- What needs to be done: Using the data below, output a verbatim copy of the lines between the one holding "教室の清掃・消毒,トイレ等使用した場所の清掃・消毒を行っています。" and the one holding "ความร่วมมือด้านวิทยาศาสตร์ เทคโนโลยี และนวัตกรรมไทย", inclusive, without any pictures.

- Recorded information:
* * * * * * * * *

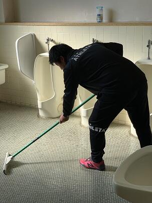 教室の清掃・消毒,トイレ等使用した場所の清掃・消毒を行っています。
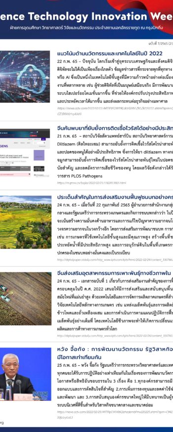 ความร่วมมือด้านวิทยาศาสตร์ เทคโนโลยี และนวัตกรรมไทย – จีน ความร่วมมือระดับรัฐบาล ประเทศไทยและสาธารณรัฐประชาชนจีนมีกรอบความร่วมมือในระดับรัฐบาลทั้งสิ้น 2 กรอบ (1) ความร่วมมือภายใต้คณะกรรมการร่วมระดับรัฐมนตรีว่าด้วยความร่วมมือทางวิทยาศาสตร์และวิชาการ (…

* * * * * * * * *

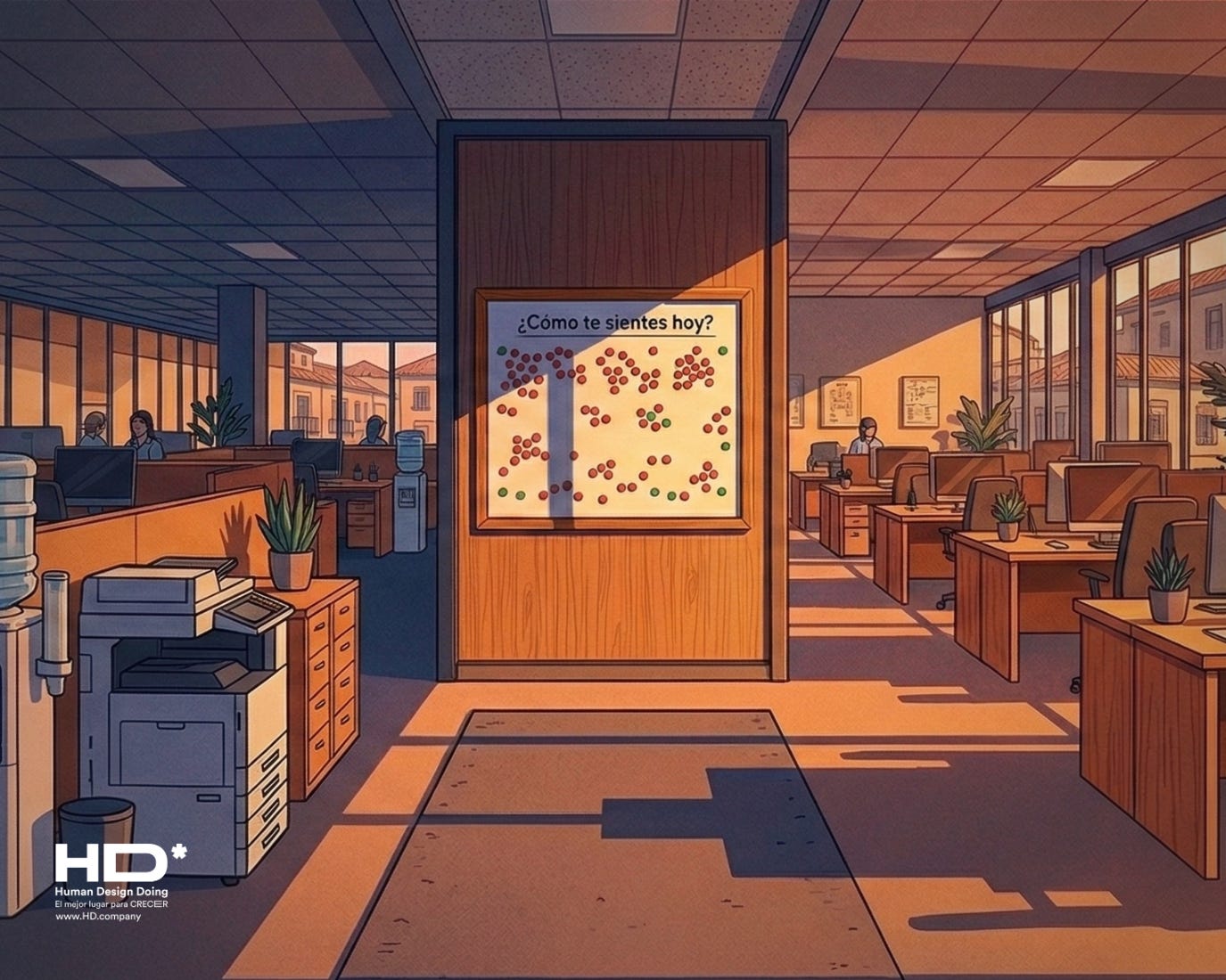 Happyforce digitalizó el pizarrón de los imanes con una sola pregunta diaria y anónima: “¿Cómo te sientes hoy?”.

* * * * * * * * *

- Solution:
 教室の清掃・消毒,トイレ等使用した場所の清掃・消毒を行っています。
 ความร่วมมือด้านวิทยาศาสตร์ เทคโนโลยี และนวัตกรรมไทย – จีน ความร่วมมือระดับรัฐบาล ประเทศไทยและสาธารณรัฐประชาชนจีนมีกรอบความร่วมมือในระดับรัฐบาลทั้งสิ้น 2 กรอบ (1) ความร่วมมือภายใต้คณะกรรมการร่วมระดับรัฐมนตรีว่าด้วยความร่วมมือทางวิทยาศาสตร์และวิชาการ (…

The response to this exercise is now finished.